Consistent with other reports, we also found aging reprograms microglia/macrophage to become more pro-inflammatory, particularly in the upregulation of interferon-response associated genes [1,2,5]. More importantly, the defective microglia/macrophages in aging OxPC lesions further elevated transcripts including Cd74, H2-Aa, Fth1, Ftl1, and Spp1, which are also enriched in microglia/macrophages found in the chronically inflamed edge of slowly expanding MS brain lesions that associate with disease progression [7]. This observation suggests aging and/or chronic inflammation polarize normally neuroprotective microglia to become more pro-inflammatory and potentially harmful when ‘greeting new enemies’ at sites of CNS injury. Given Spp1, which encodes the glycoprotein osteopontin, is reported as a highly age-upregulated and MS-elevated gene in multiple scRNAseq studies [1,2,6,7], we hypothesized its upregulation by aging microglia/macrophages worsens OxPC neurotoxicity. In support of this hypothesis, osteopontin converted perinatal microglia into an aging associated phenotype where pro-inflammatory cytokines including Il1b and Nos2 as well as multiple interferon-associated genes are induced. In addition, we observed that co-injection of osteopontin and OxPCs increased neurodegeneration over OxPC injection alone in young and aging mice, whereas osteopontin knockdown using adeno-associated virus expressing Spp1-targeted shRNA reduced OxPC injury in aging mice. Thus, aging-upregulated osteopontin promotes a defective microglia response and contributes to the exacerbation of OxPC neurotoxicity in the aging CNS (summarized in Figure 1) [5].

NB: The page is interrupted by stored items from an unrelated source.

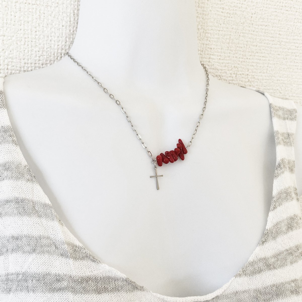 - ミニクロスチャーム パワストーンステンレス 山サンゴ 約4mm玉 ネックレス 2.5mm幅40cm ST82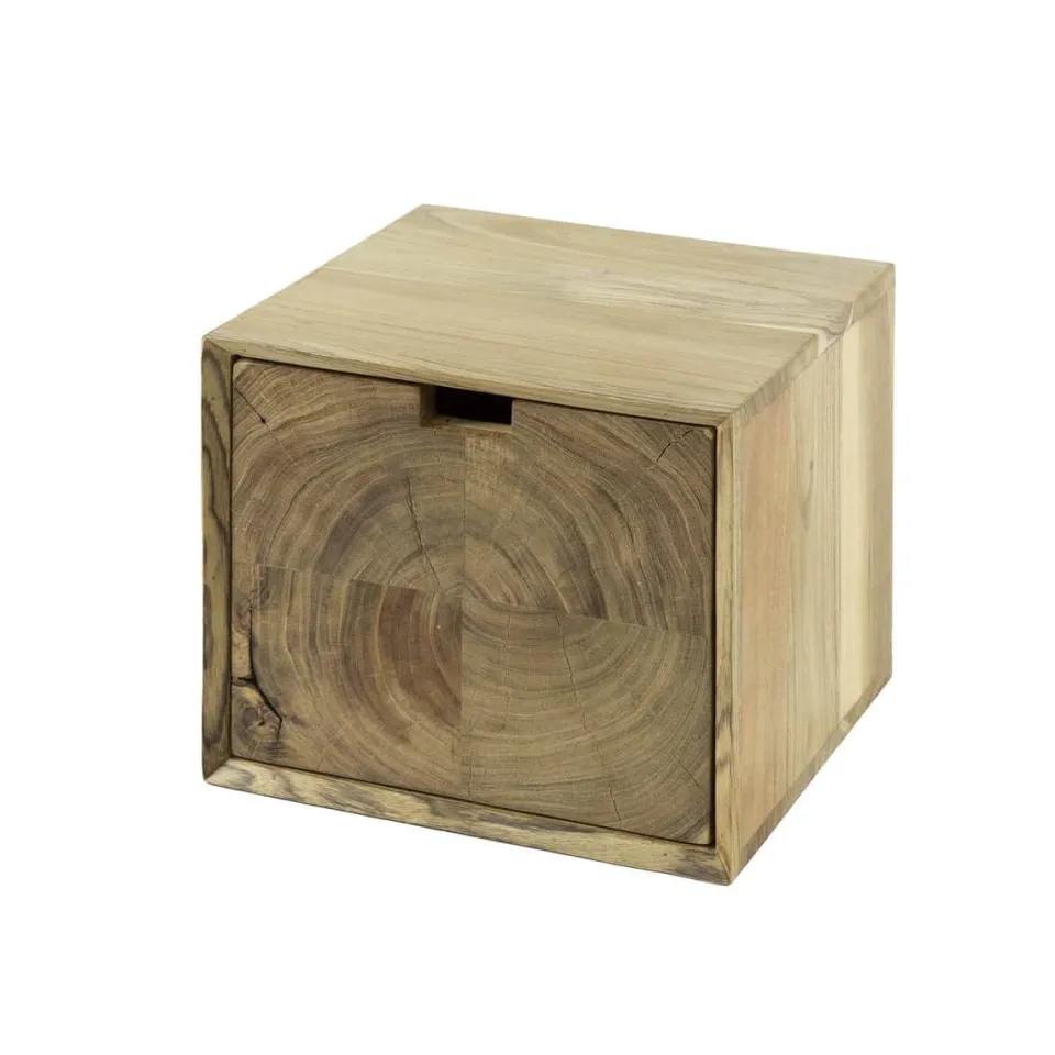 Het zwevende nachtkastje Blok is vervaardigd uit massief acaciahout en afgewerkt met een matte, transparante lak die de natuurlijke houtstructuur mooi benadrukt. Het kastje heeft één lade met een opvallend front in de vorm van een boomdoorsnede. Montage aan de muur is eenvoudig met twee stevige beugels, hierdoor lijkt het te zweven en blijft de vloer vrij.
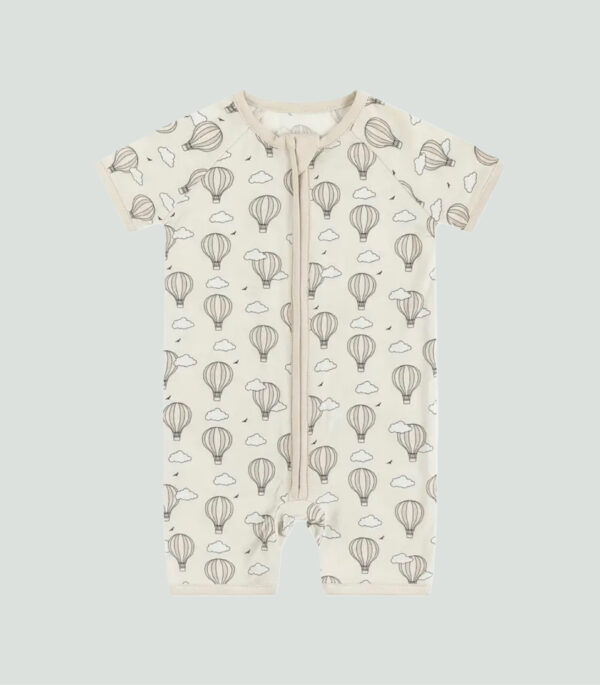 Mono de fibra de bambú manga corta con estampado de globo aerostático, tejido, elástico y muy confortable por su suavidad. Incluye doble cierre para su comodidad.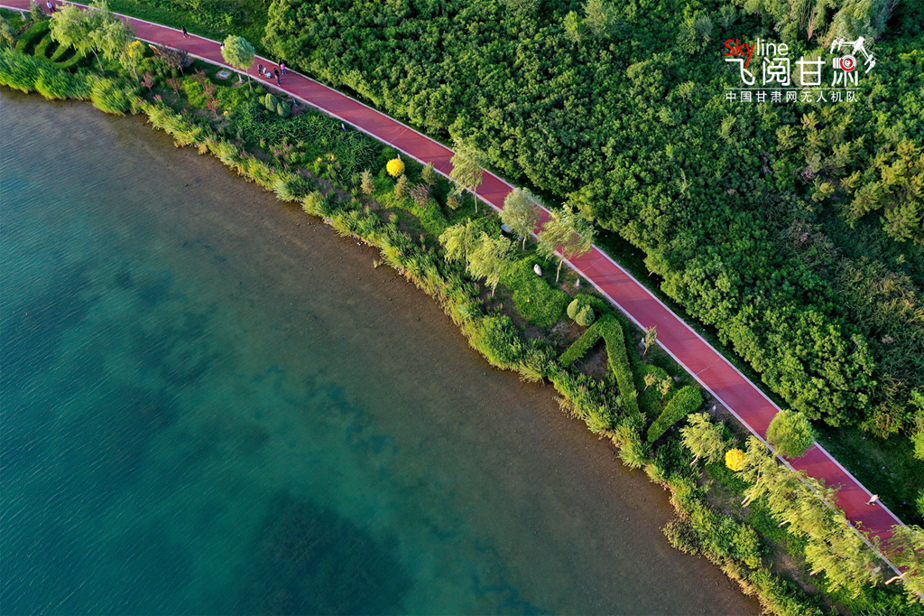 近日,夕陽下的甘肅省張掖市蘆水灣生態(tài)景區(qū)湖水湛藍(lán),草木翠綠,景色宜人。蘆水灣生態(tài)景區(qū)位于張掖濱河新區(qū),占地4500畝,其中水域面積2260畝,綠化林地1790畝,2018年評(píng)為國家4A級(jí)景區(qū),被譽(yù)為張掖城市的“后花園”和“加濕器”。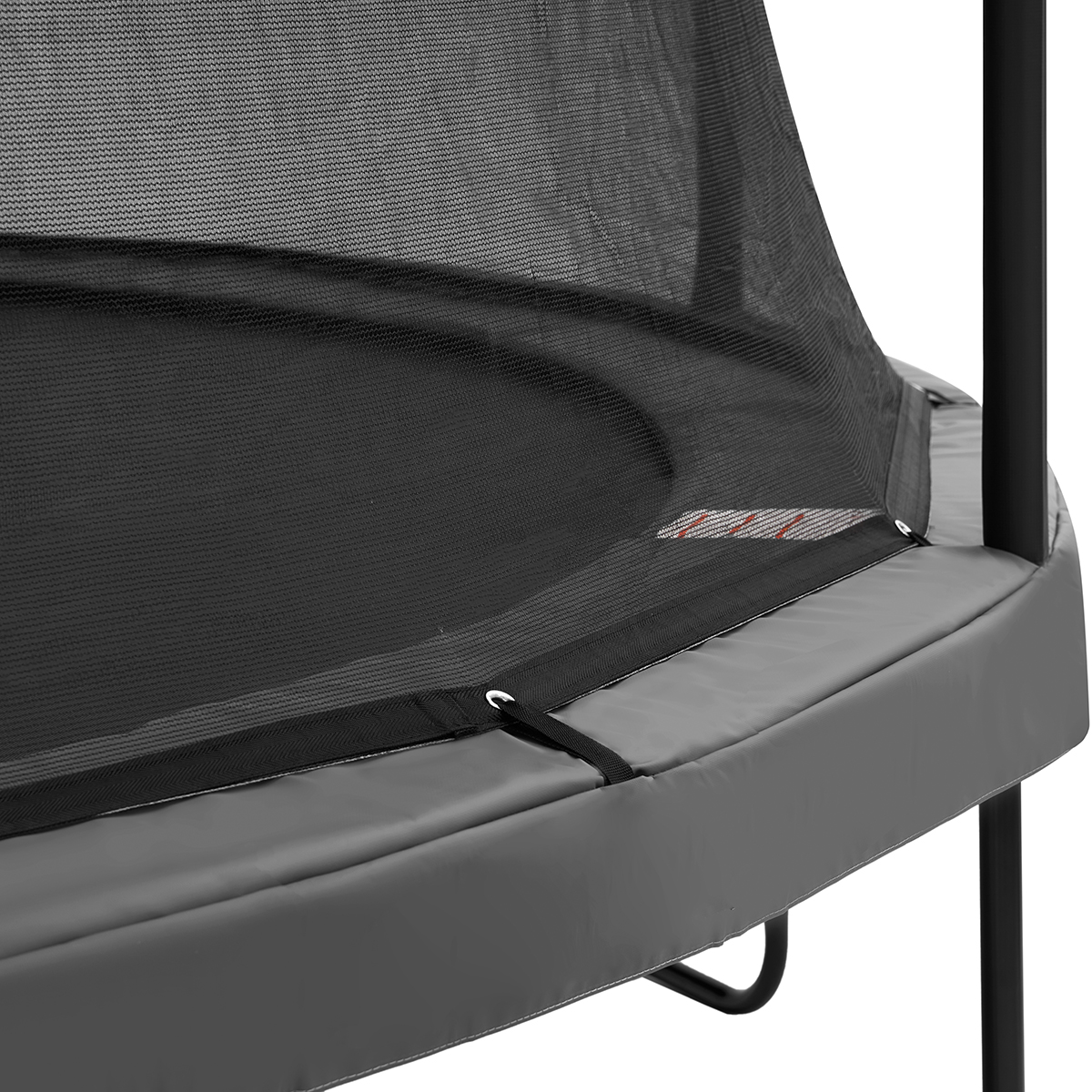 Det patenterede fastgørelsessystem mellem net og ramme giver ekstra støtte og stabilitet under hop. Belastningen fordeles jævnt, hvilket bidrager til en mere stabil konstruktion over tid. En integreret stålring i toppen af nettet holder nettet stramt og stabilt, også efter længere tids brug.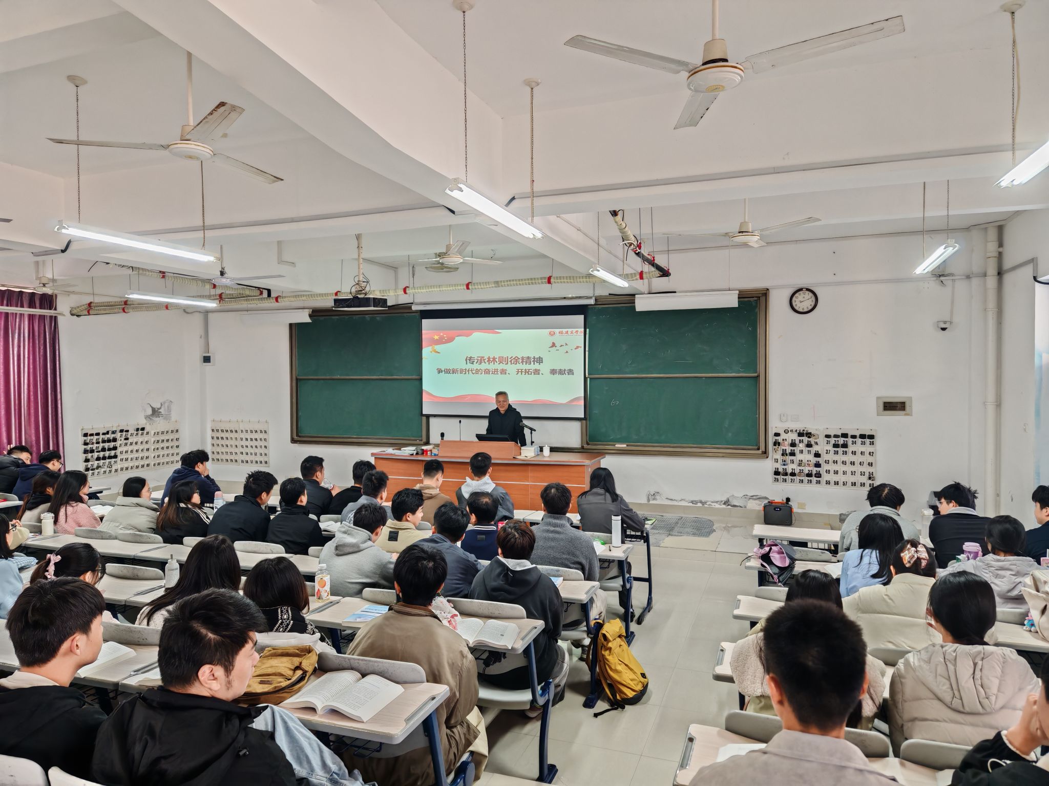 11月28日上午,校纪委书记(监察专员)林宇峰为2025级环境设计(专升本)专业员工讲授“传承林则徐精神 争做新时代的奋进者、开拓者、奉献者”主题思政课。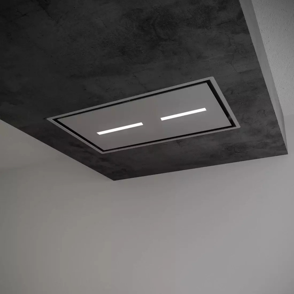 A SIRIUS SLT-971 EM páraelszívó mennyezetbe építhető kivitele tökéletes választás azokba a modern konyhákba, ahol a tágas tér, a funkcionalitás és a letisztult forma harmóniája elsődleges szempont. A 120 cm széles készülékház elegánsan simul bele a mennyezeti síkba, miközben látványosan kiemeli a konyha magas színvonalú belsőépítészeti megoldásait. A fehérre festett rozsdamentes acél testet prémium fehér üveg panel koronázza meg, amely nemcsak látványos, hanem könnyen tisztán tartható is.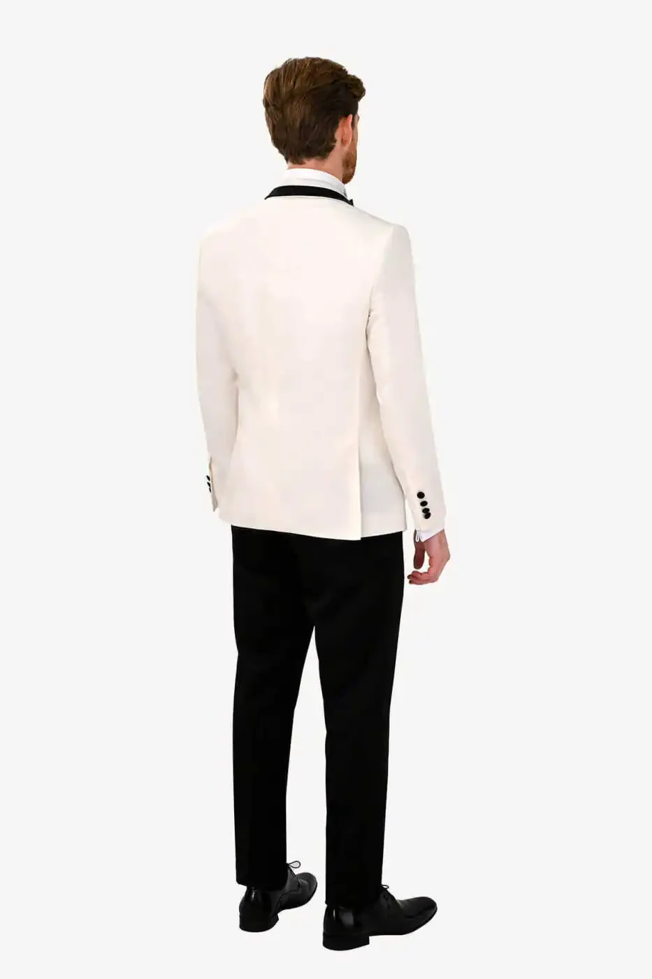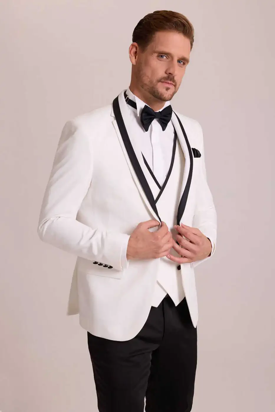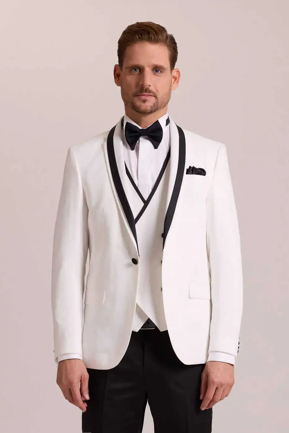Мужской кремовый костюм для жениха с жилетом и воротником-шалью изготовлен из высококачественной ткани, дышащий и комфортный. Вы можете носить этот костюм комфортно весь день, и он будет отлично смотреться на ваших свадебных фотографиях.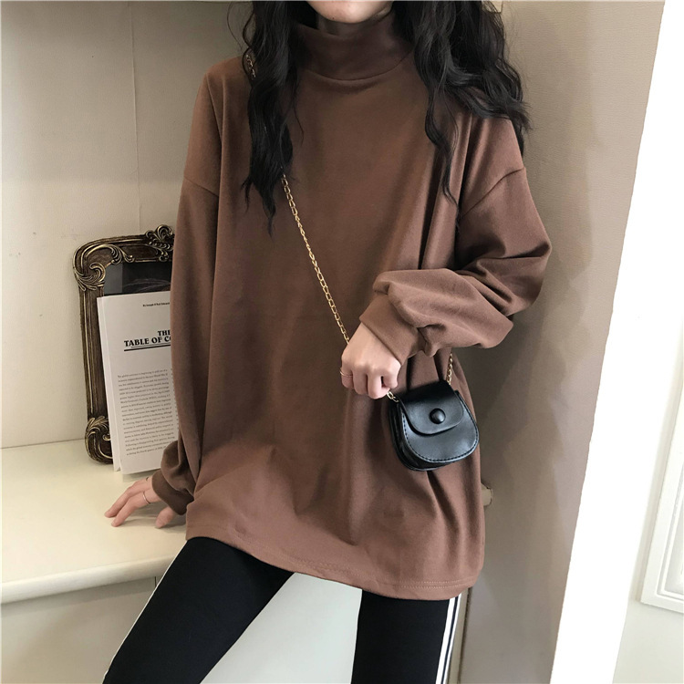 WBX-T0052 韓版雙面德絨半高領純色寬鬆打底冬薄絨長袖T卹休閒 上衣
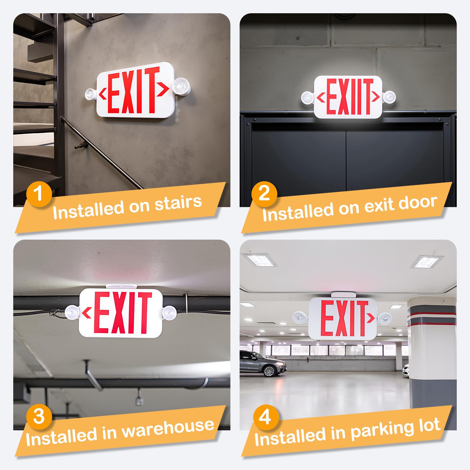 LIT-PaTH LED Exit Sign with 2 Adjustable Heads, Double Face, Backup Battery, UL 924 & CEC, 120-277V Emergency Lighting, 1-Pack

While these results implicate osteopontin as a promising therapeutic target for neurodegeneration and MS progression, additional investigations are needed to determine its signaling mechanisms in the CNS. Moreover, given osteopontin has pleiotropic functions including tissue remodeling and repair, it will be important to compare its spatial and temporal activity, as well as downstream targets, in the healthy-aging versus diseased-aging CNS. As aging also induces numerous other transcriptomic changes in microglia, systematic analyses are required to assess which are compensatory mechanisms against aging and which alterations cause these cells to lose their normal functions. The detection of a greater number of differentially expressed genes in aging microglia during OxPC injury compared to aging microglia at steady state suggest that the impact of aging becomes more pronounced during disease, highlighting a need to target microglia and restore their neuroprotective functions during MS pathology and progression in aging individuals. However, as monocyte-derived macrophages also increase during aging and neurodegeneration [8], future studies should compare their behaviour versus that of microglia in aging and in various diseases including MS, such as in their responses to OxPCs. Evaluating their functional differences will inform on whether there is a need to specifically target each population to reduce pathology or to promote repair.

Collectively, aging profoundly reprograms microglia transcriptomes and subverts their neuroprotective functions. Thus, therapeutic rejuvenation of senescent microglia may help slow or stop neurodegenerative changes in the aging CNS.